▶ TASK OBJECTIVE
Starting at the line below with "JBL Start Solar" and stopping at the line with "Inauguration and Blessing", please print each line exactly, those two included, and skip every picture.

▶ ENTRIES SUPPLIED

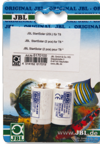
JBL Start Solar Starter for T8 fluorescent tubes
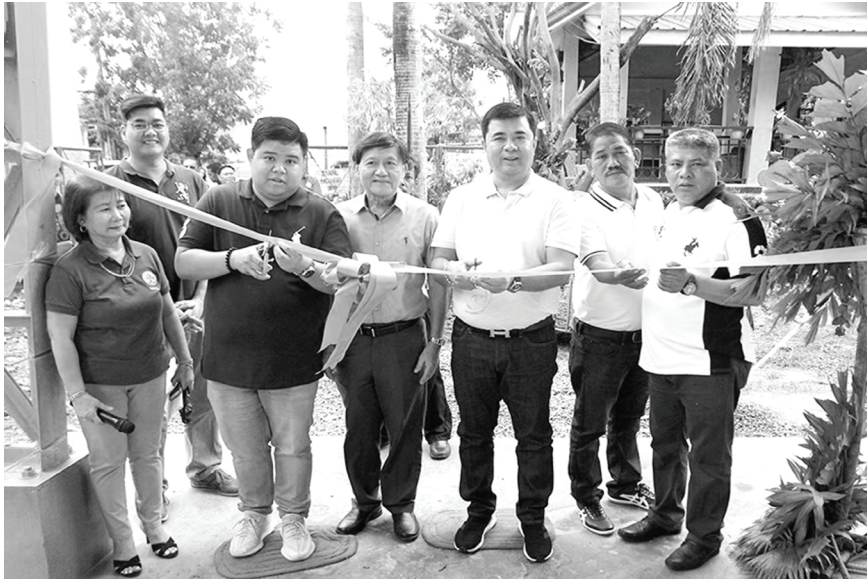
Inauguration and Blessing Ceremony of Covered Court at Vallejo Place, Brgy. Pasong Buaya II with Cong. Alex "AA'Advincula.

==

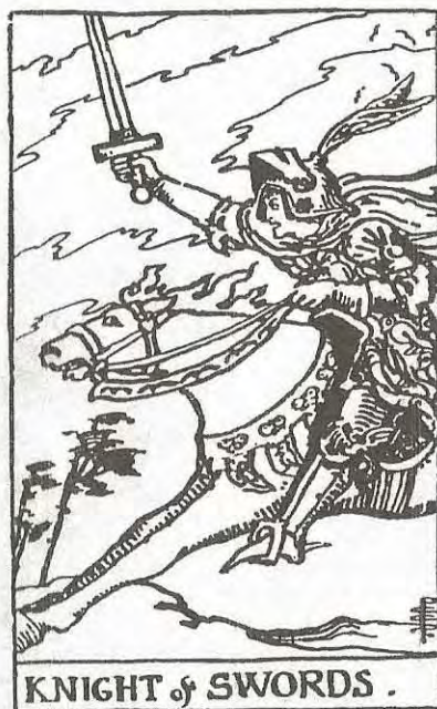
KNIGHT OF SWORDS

---

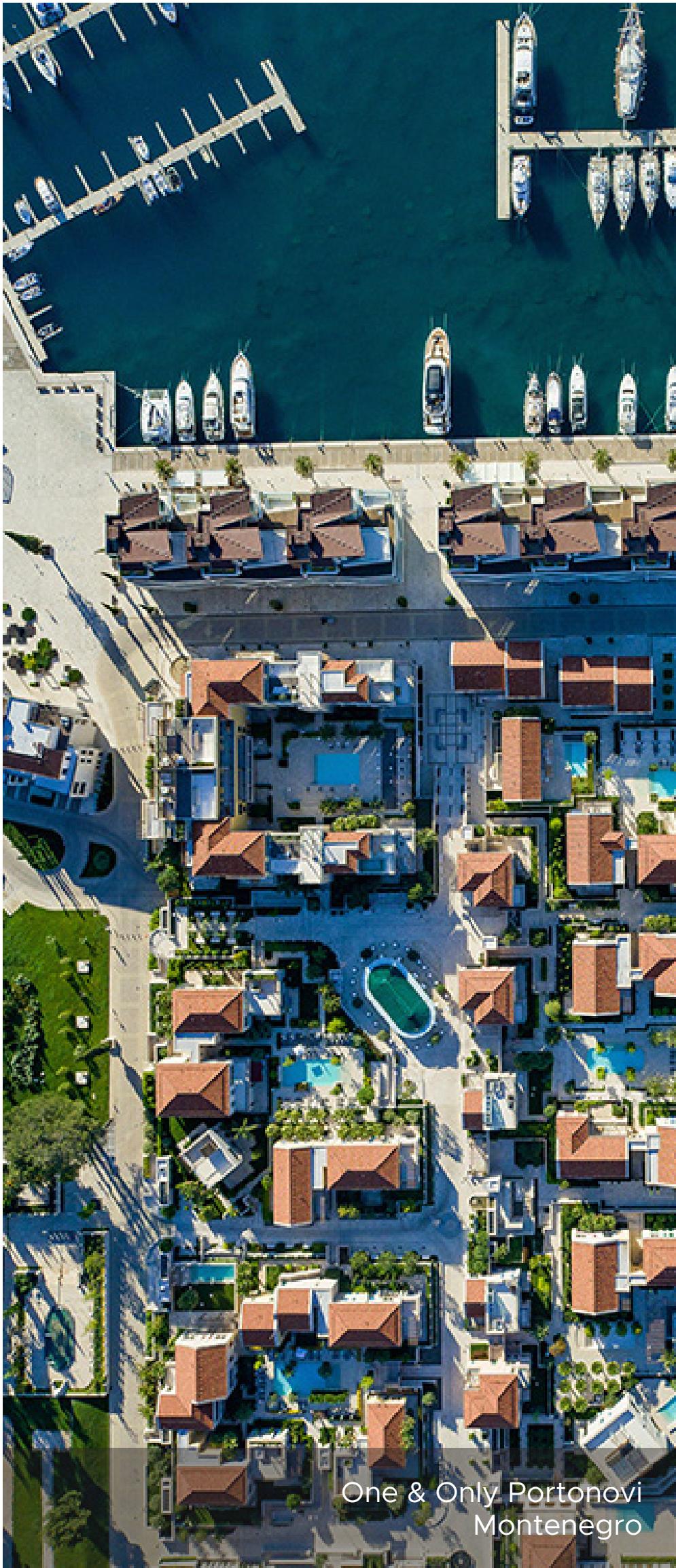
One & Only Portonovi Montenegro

▶ PROBLEM SOLUTION
JBL Start Solar Starter for T8 fluorescent tubes
Inauguration and Blessing Ceremony of Covered Court at Vallejo Place, Brgy. Pasong Buaya II with Cong. Alex "AA'Advincula.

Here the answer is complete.